The finding that DJ-1-/- mice had an increase in H2O2 consumption rates which correlated with an increase in the Trx2 activity is noteworthy due to the conflicting results regarding the lack of basal dopaminergic neurodegeneration in DJ-1-/- mice. Humans with homozygous deficiency of DJ-1 develop early–onset PD, however there are contradictory studies regarding whether or not mice lacking DJ-1 develop baseline neuronal degeneration of dopamine cells or motor dysfunctions [18,37,44,45]. Our data suggests that increased Trx2 activity may be one compensatory mechanism utilized by the DJ-1-/- mice to prevent long-term oxidative stress thus limiting the amount of neuronal cell death. The effect of increased Trx2 activity may be mitigated with exposure to pro-oxidant and PD linked chemicals such as MPTP, rotenone, and PQ. As previously shown in the literature, DJ-1-/- mice are more sensitive to MPTP toxicity than DJ-1+/+ mice [38]. Increased Trx2 activity in DJ-1-/- mice may limit DA cell death under basal conditions, however when exposed to a large oxidative stress, such as MPTP, this compensatory mechanism may no longer be effective. Thus, under larger levels of oxidative stress DJ-1 may play a critical role in maintaining DA neuronal health while under a controlled environment it may have other functions. This could also partly explain the difference in phenotypes between human populations, which are constantly exposed to environmental factors, and mice, which live in a controlled environment.

It is widely believed the GSH system is the primary antioxidant system in ROS detoxification in the brain due to GSH being present in mM concentrations and thus the most abundant intracellular thiol-based system [46,47]. GSH has been reported to be present both in astrocytes and neurons within the SNpc but with higher concentrations in astrocytes compared to neurons [47]. Measurement of GSH and GSSG levels in postmortem tissue of PD patients has revealed significantly lower GSH levels (˜40%) and slight but insignificant increase in GSSG levels (˜29%) in the SNc compared to age matched controls [48]. Previous literature has indicated that knockout of DJ-1 in cell-based models results in increased susceptibility to ROS due to a decrease in GSH levels which can be rescued with over-expression of DJ-1 through increased activity of glutamate cysteine ligase [24,34]. The finding that GSSG levels were increased in DJ-1-/- mice together with decreased GR activity suggested that an inability to recycle GSSG back to GSH. Of interest, there was also a small but significant increase in GSH levels most likely arising due the inability to maintain reduced GSH in the face of decreased GR coupled with the efflux of accumulated GSSG from the cell.

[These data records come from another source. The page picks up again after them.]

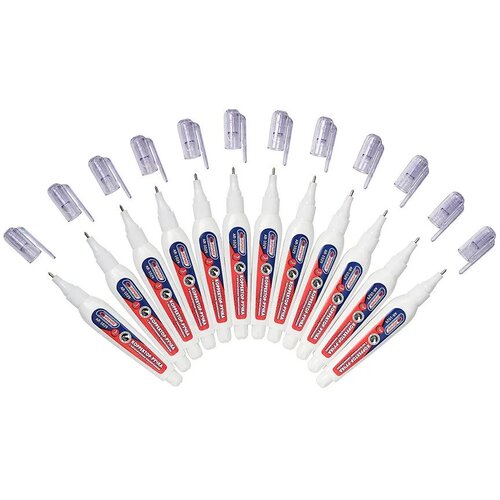 Набор ручка-корректор штрих замазка канцелярская, 12 шт, 7 мл, металлический наконечник 0,2 мм
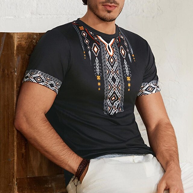 Highlights [Fabric]: Crafted from a high-quality polyester blend, this men's t-shirt offers a soft, breathable, and micro-elastic texture. Ideal for keeping cool and comfortable during spring and summer, the lightweight fabric ensures ease of movement and durability. [Fit]: Featuring a tailored fit, this t-shirt accentuates the wearer's physique while allowing for comfortable, relaxed wear. The crew neck and short sleeves contribute to its versatile appeal, making it suitable for a variety of occasions. [Design Highlights]: Boasting an intricate tribal and bandana print, this t-shirt stands out with its artistic and vibrant patterns in orange, grey, and white against a sleek black backdrop. The 3D print adds depth and sophistication to the design, with patterns adorning both the front and sleeves. [Occasions]: Perfect for casual outings, vacation wear, or ethnic-inspired looks, this t-shirt is a versatile choice for hiking, athleisure activities, and other relaxed events. Its exceptional design offers an easy way to add a touch of artistry and culture to any wardrobe. [Size Range]: Available in sizes S, M, L, XL, XXL, and XXXL, this t-shirt caters to a wide range of body types, ensuring a flattering fit for all adults. Perfect for everyday use. first-class materials and excellent craftsmanship ensure long-lasting durability.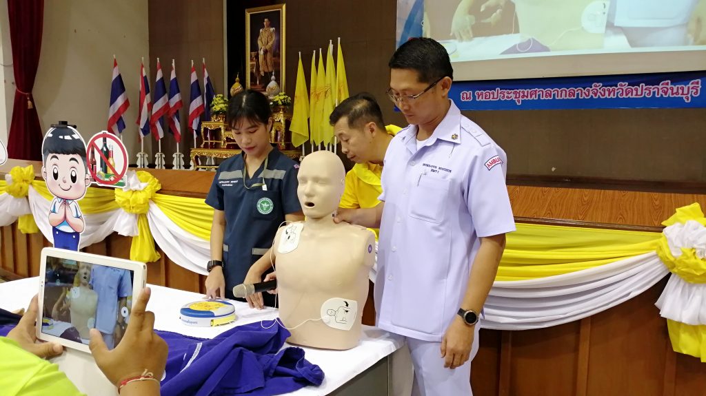 วันที่ 5 กันยายน 2562 ที่หอประชุมศาลากลางจังหวัดปราจีนบุรี นายพิบูลย์ หัตถกิจโกศล ผู้ว่าราชการจังหวัดปราจีนบุรี ได้เป็นประธานเปิดการประชุมเชิงปฏิบัติการพัฒนาทักษะการช่วยฟื้นคืนชีพ และการใช้เครื่องกระตุกหัวใจไฟฟ้าอัตโนมัติ (AED) โดยนางอังคณา หัตถกิจโกศล นายกเหล่ากาชาดจังหวัดปราจีนบุรี ได้กล่าวถึงการจัดอบรมในครั้งนี้ ด้วยกาชาดจังหวัดปราจีนบุรีพร้อมด้วยสาธารณสุขจังหวัดปราจีนบุรีได้เล็งเห็นถึงการเกิดภาวะหัวใจหยุดเต้นเฉียบพลัน เป็นสาเหตุการเสียชีวิตที่สำคัญในจำนวนผู้ป่วยที่หัวใจเกิดภาวะหยุดเต้น ซึ่งส่วนใหญ่โอกาสรอดชีวิตของผู้ป่วยค่อนข้างต่ำ
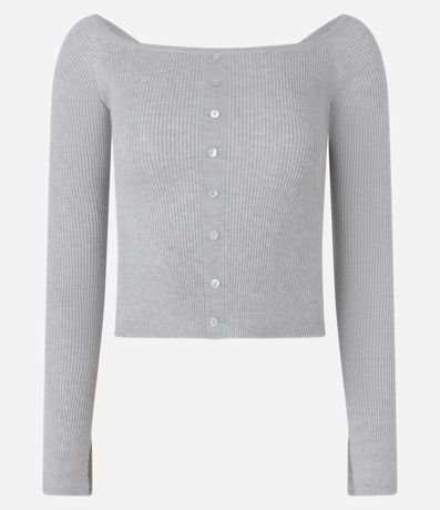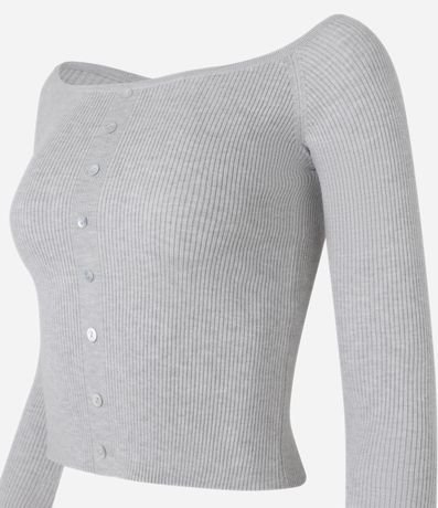 Blusa em Tricô Ombro a Ombro e Botõezinhos Frontais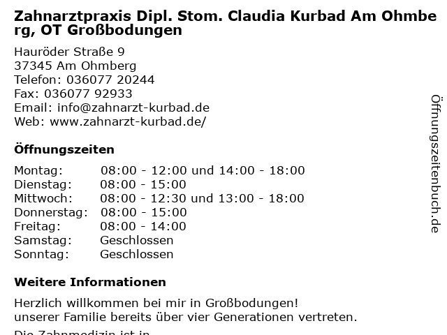 Branchen & Suchbegriffe zu Zahnarztpraxis Dipl. Stom. Claudia Kurbad Am Ohmberg, OT Großbodungen:claudia, dipl., großbodungen, kurbad, ohmberg, ot, stom., zahnarztpraxis |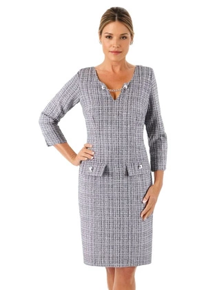 Sukienka damska plus size w kratkę z ozdobnymi detalami 38608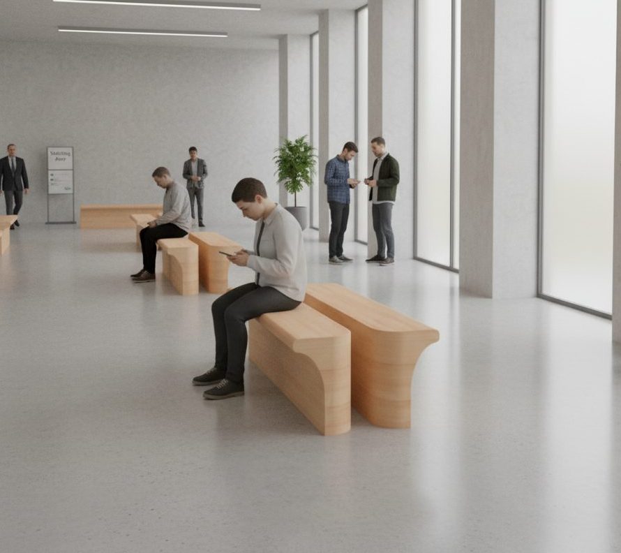 接合部分がゆるやかに引き延ばされることで、木材が持つ硬さのイメージを裏切るような、やわらかな動きを感じさせるベンチです。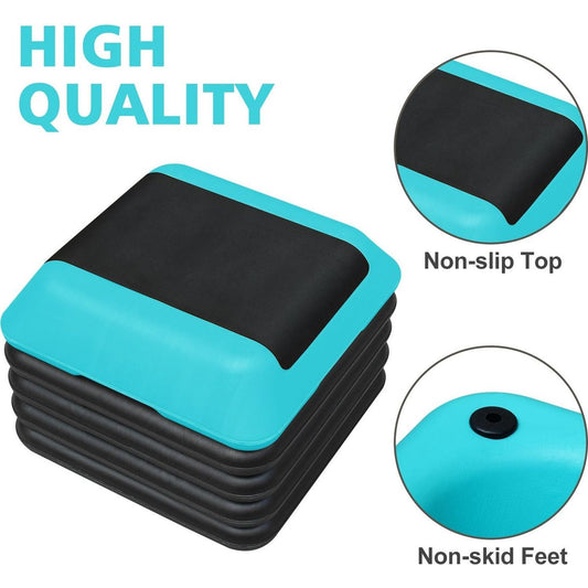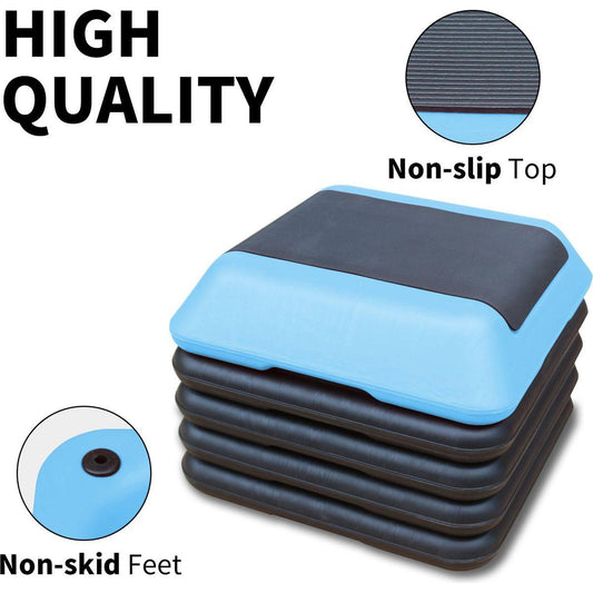 Height-Adjustable Step Aerobics Platform Fitness Equipment Stepper Trainer Exercise Step Platform with 4 Riser Blue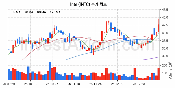 Intel (인텔) 주가 전망에 참고될 수 있는 상세한 주식 기술적 분석 결과(2026년 01월 07일 기준)를 제공하며, 전 거래일 대비 약 6.47% 상승한 미국 주식시장에 상장된 Intel 주식 종목의 주가 차트를 비롯해 주가 상태, 주식 거래량, 기간 수익률, 주가 이동평균 및 기간 주가 변동성 기반 분석 결과를 제공합니다.

Based on the results of this study, we hypothesize that increased mitochondrial H2O2 consumption rates in the brains of DJ-1-/- mice is most likely due to increased Trx activity protecting brain mitochondria from the increased baseline ROS production. In corroboration with previous literature, DJ-1-/- mice had a decrease in GR activity leading to the increase in GSSG level, resulting in an increase in glutathionylation and thus an increase in GRX activity. Based on the increased H2O2 consumption and mitochondrial Trx activity, it leads one to speculate that upregulation of Trx, TrxR or Prx would be a beneficial target for the treatment of PD.